Excerpts from a dataset
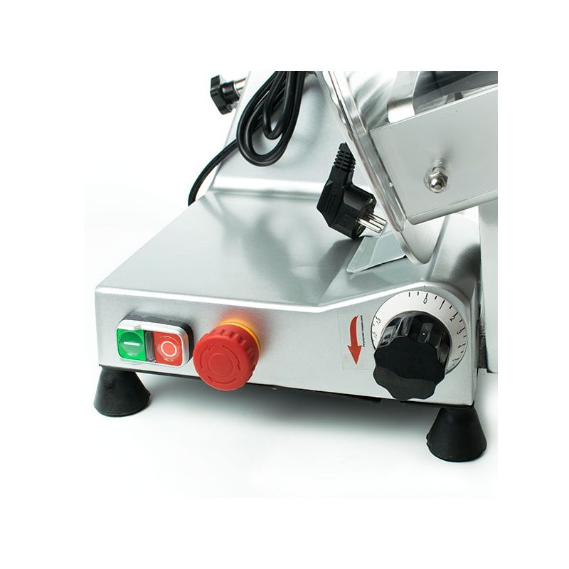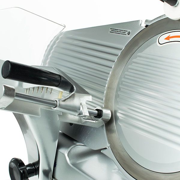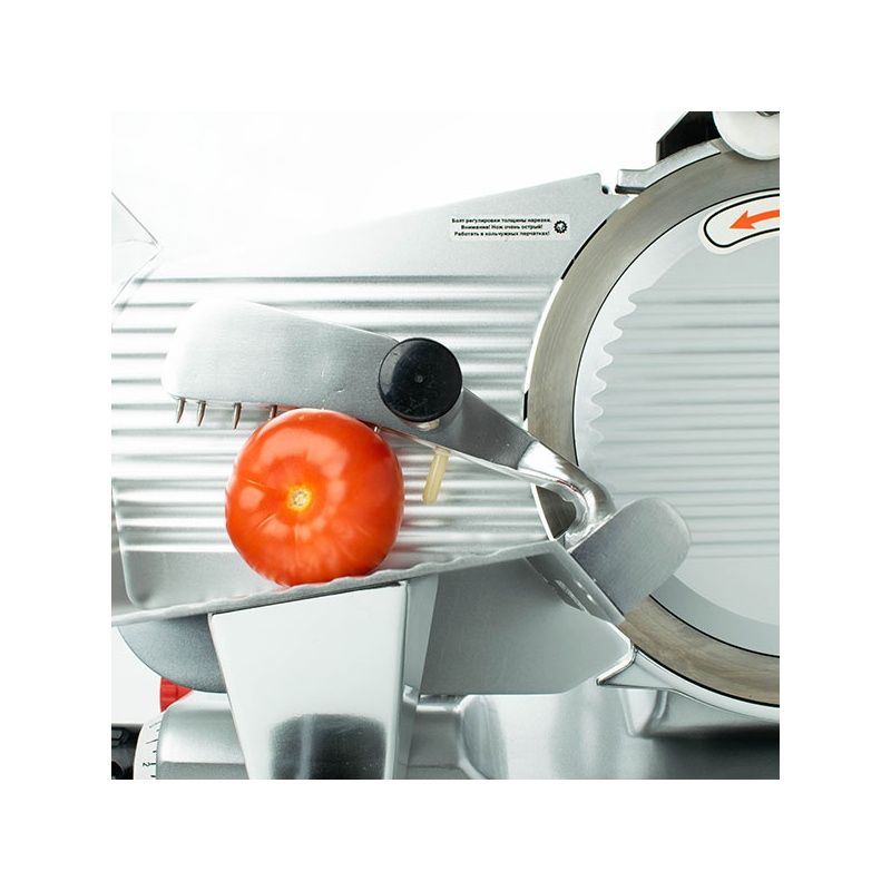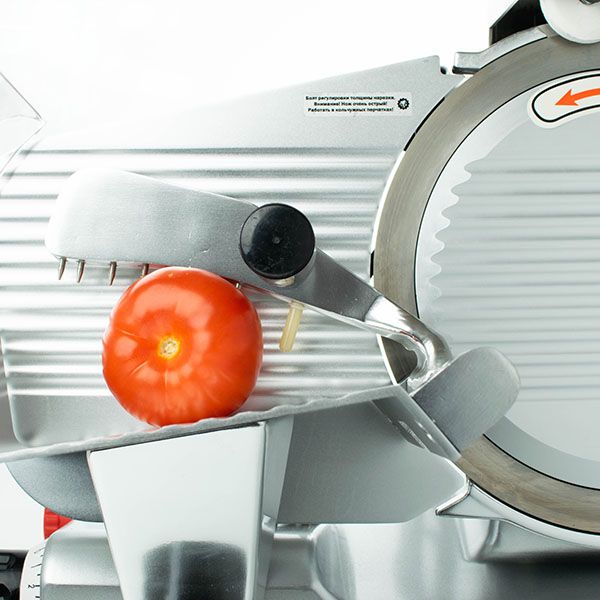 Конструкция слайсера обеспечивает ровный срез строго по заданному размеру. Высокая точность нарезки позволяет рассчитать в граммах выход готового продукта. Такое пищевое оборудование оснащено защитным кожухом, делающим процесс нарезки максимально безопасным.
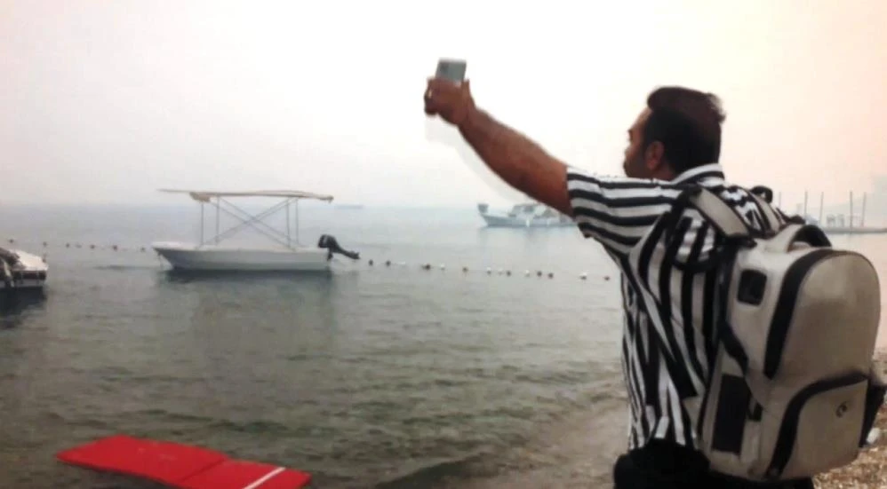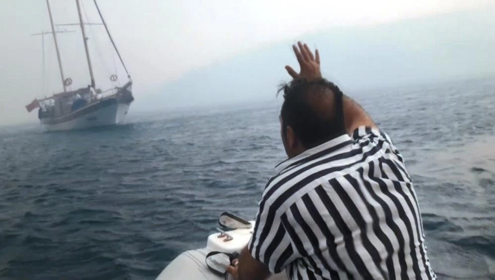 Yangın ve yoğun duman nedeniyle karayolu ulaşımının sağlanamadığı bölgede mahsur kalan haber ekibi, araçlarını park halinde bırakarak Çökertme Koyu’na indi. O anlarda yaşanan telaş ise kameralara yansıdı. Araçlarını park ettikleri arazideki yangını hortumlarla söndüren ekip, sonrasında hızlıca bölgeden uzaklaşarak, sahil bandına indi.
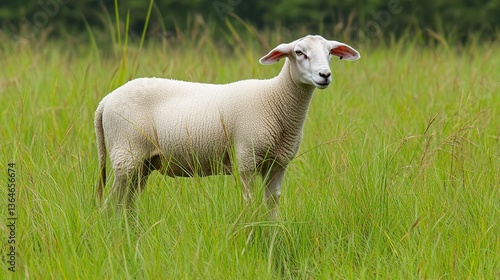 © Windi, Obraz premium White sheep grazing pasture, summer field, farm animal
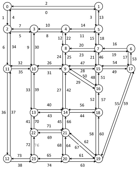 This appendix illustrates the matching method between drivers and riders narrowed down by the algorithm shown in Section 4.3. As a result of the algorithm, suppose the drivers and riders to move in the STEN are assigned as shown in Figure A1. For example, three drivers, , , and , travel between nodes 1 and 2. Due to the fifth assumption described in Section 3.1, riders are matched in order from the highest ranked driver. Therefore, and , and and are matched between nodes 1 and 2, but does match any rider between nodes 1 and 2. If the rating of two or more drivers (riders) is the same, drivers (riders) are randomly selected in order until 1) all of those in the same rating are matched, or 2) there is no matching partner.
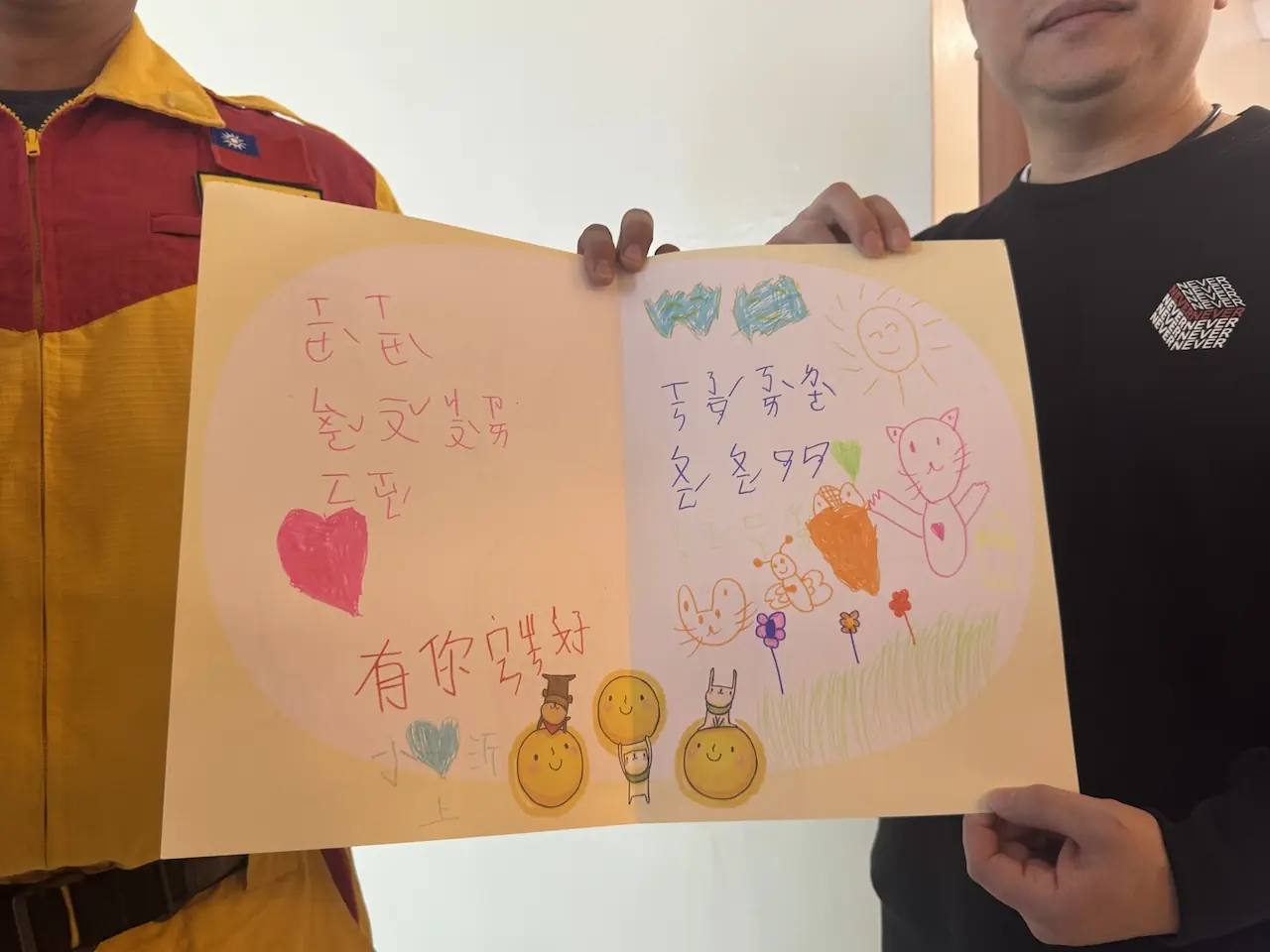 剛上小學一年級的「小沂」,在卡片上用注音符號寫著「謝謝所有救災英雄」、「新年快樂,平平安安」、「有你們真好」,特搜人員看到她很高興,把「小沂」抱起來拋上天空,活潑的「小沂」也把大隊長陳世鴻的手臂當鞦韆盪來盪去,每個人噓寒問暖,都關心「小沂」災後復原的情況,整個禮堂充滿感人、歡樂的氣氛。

AIM OF THE EXERCISE: Pictures must be left out of the answer, which should be exactly the lines from the one holding "field, farm animal" through the last line of the entries above, both included; please add nothing.

FINAL ANSWER:
 © Windi, Obraz premium White sheep grazing pasture, summer field, farm animal
 This appendix illustrates the matching method between drivers and riders narrowed down by the algorithm shown in Section 4.3. As a result of the algorithm, suppose the drivers and riders to move in the STEN are assigned as shown in Figure A1. For example, three drivers, , , and , travel between nodes 1 and 2. Due to the fifth assumption described in Section 3.1, riders are matched in order from the highest ranked driver. Therefore, and , and and are matched between nodes 1 and 2, but does match any rider between nodes 1 and 2. If the rating of two or more drivers (riders) is the same, drivers (riders) are randomly selected in order until 1) all of those in the same rating are matched, or 2) there is no matching partner.
 剛上小學一年級的「小沂」,在卡片上用注音符號寫著「謝謝所有救災英雄」、「新年快樂,平平安安」、「有你們真好」,特搜人員看到她很高興,把「小沂」抱起來拋上天空,活潑的「小沂」也把大隊長陳世鴻的手臂當鞦韆盪來盪去,每個人噓寒問暖,都關心「小沂」災後復原的情況,整個禮堂充滿感人、歡樂的氣氛。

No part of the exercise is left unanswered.